The CORDIC algorithm is an iterative solution to many functions (like trigonometric, linear and hyperbolic) using only shifters and adders. There are two possible modes of operation in the algorithms, the rotation mode, which tries to rotate a vector by a certain angle, and the vector mode, which tries to rotate a vector to the x -axis noting the angle needed for this rotation.

The rotation of a vector in a Cartesian plane by an angle is given by:

$$
\begin{aligned}
& x^{\prime}=x \cos \phi-y \sin \phi \\
& y^{\prime}=y \cos \phi+x \sin \phi
\end{aligned}
$$

We can rearrange these two equations so that:

$$
\begin{aligned}
x^{\prime} & =\cos \phi \cdot[x-y \tan \phi] \\
y^{\prime} & =\cos \phi \cdot[y+x \tan \phi]
\end{aligned}
$$

If we limit the angle of rotation so that $\tan \phi= \pm 2^{-i}$, the multiplication by the tangent term becomes just a shift operation (determined by $i$, an iteration counter). Successively smaller elementary rotations allow for computation of arbitrary rotation angles.
Making the decision is which direction to rotate rather than whether to rotate, the cosine term becomes a constant $(\cos (\alpha)=\cos (-\alpha))$. The iterative rotation is expressed as a shift-add algorithm for vector rotation, with a scale constant K (you could call this the gain of the system):

$$
\begin{array}{ll}
x_{i+1}=K_{i}\left[x_{i}-y_{i} \cdot d_{i} \cdot 2^{-i}\right] & \\
d_{i}= \pm 1 \\
y_{i+1}=K_{i}\left[y_{i}+x_{i} \cdot d_{i} \cdot 2^{-i}\right] & \\
K_{i}=\cos \left(\tan ^{-1} 2^{-i}\right)
\end{array}
$$

An additional adder-subtractor that accumulates the elementary rotation angle for each iteration adds a third equation:

$$
z_{i+1}=z_{i}-d_{i} \cdot \tan ^{-1} 2^{-i}
$$

For rotation mode in a circular system these equation become:

$$
\begin{aligned}
& x_{i+1}=x_{i}-y_{i} \cdot d_{i} \cdot 2^{-i} \\
& y_{i+1}=y_{i}+x_{i} \cdot d_{i} \cdot 2^{-i} \\
& z_{i+1}=z_{i}-d_{i} \cdot \tan ^{-1} 2^{-i}
\end{aligned}
$$

Where the decision function $d_{i}$ depends on the sign of the current angle in the accumulator ( $d_{i}=-1$ if $z_{i}<0,+1$ otherwise).

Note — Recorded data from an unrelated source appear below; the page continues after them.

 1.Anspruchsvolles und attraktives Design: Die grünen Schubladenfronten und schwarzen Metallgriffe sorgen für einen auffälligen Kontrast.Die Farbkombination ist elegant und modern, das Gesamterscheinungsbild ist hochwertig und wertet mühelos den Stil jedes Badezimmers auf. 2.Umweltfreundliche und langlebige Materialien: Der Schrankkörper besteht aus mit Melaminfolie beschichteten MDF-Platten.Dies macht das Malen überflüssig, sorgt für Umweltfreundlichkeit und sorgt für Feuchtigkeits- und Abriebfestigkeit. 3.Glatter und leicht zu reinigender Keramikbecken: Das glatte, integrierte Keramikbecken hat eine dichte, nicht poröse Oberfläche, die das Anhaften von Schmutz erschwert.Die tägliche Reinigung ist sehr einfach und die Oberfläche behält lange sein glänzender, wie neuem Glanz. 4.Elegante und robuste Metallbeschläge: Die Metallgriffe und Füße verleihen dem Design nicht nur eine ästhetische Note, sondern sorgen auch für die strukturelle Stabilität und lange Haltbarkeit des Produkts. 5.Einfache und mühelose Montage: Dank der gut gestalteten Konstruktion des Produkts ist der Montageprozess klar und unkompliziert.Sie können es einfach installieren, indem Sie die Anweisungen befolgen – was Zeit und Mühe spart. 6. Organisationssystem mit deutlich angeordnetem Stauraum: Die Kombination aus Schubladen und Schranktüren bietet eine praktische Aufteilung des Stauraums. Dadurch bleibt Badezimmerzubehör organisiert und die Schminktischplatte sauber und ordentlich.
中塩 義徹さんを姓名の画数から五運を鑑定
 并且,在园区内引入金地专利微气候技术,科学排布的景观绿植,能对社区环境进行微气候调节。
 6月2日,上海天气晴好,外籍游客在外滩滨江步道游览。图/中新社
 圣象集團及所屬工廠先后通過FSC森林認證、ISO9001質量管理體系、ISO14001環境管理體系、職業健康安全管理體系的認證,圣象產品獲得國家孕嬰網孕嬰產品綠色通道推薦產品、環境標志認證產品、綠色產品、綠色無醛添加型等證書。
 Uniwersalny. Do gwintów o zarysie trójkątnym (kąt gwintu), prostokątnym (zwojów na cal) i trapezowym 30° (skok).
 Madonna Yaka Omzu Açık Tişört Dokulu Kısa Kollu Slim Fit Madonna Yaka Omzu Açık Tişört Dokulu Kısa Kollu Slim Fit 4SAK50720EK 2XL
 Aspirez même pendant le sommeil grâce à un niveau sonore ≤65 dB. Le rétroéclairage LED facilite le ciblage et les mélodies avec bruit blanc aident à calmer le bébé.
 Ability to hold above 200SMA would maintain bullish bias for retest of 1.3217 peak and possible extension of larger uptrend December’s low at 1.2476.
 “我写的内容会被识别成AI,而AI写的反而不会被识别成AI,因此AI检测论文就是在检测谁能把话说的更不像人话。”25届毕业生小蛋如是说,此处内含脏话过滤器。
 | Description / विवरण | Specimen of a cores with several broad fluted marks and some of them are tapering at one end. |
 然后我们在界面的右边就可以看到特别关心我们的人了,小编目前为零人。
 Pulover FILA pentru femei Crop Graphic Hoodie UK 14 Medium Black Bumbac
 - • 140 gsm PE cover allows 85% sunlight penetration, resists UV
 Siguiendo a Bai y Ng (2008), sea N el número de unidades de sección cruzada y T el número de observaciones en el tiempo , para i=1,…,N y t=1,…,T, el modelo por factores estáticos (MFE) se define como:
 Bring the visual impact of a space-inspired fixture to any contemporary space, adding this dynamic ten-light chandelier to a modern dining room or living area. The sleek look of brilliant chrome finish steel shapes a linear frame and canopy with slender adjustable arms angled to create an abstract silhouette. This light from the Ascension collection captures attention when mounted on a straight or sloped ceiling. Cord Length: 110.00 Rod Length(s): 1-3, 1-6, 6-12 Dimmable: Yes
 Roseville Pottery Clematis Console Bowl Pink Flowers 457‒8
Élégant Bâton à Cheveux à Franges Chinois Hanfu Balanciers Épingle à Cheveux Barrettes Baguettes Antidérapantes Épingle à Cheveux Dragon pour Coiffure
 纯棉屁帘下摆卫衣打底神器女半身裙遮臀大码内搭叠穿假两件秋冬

The elementary angles (in case of the circular system: $\tan ^{-1} 2^{-i}$ ) can be easily stored in a ROM. The three equations can be readily transformed into a hardware implementation.

## Description of operation (bit-parallel design)

With reference to [1], a bit-parallel design has been implemented.
The width of the data path was 16 bits, with 1 sign bit, 7 integer bits and 8 fraction bits (actually, we could have done with less integer bits but that would not make structure more universal).

For the adder / subtractor, one of Altera's megafunctions has been used as they map reasonably well into their FPGAs. Since we used this megafunction, no performance comparison between a CLA adder and RCA adder has been made.

The shifters have been implemented by considering the slice needed to be shifted at every iteration and then concatenating this with the number of MSB needed to be added to this slice.

The registers could also be implented as a megafunction. We decided to just build our own using a simple 'flip flop' process.

At first a lpm_rom was used to store the elementary rotation angles. But due to timing problems this gave us, we decided to simply use a with ... select statement to retrieve the elementary angle we need for the $z$ adder - subtractor. The elementary angles are given by $\tan ^{-1} 2^{-i}$, where i is a counter that gives the value of the current iteration.

A state machine was used to increment that counter, and the amount of 'shift' needed in the $x$ and $y$ values at every iteration (the counter also gives the address needed for the rom)

## Characteristics

## Clock Speed

Measured clock speed: $\quad 9.30 \mathrm{MHz}$
Minimum clock period:
107.9 ns

## Logic Cells

Total dedicated input pins used:
6/6
Total I/O pins used:
Total logic cells used:
Total embedded cells used:
Total EABs used:
Average fan-in:
174/183
517/1152
0/48
0/6
3.38/4

Total fan-in:
(100\%) (95\%)
(44\%) (0\%)
(0\%)
(84\%)
(37\%)

## References

[1] Andrake, R. J., "A survey of CORDIC algorithms for FPGA based computers", FPGA '98. Proceedings of the 1998 ACM/SIGDA sixth international symposium on Field programmable gate arrays, Feb. 22-24, 1998, Monterey, CA. pp191-200.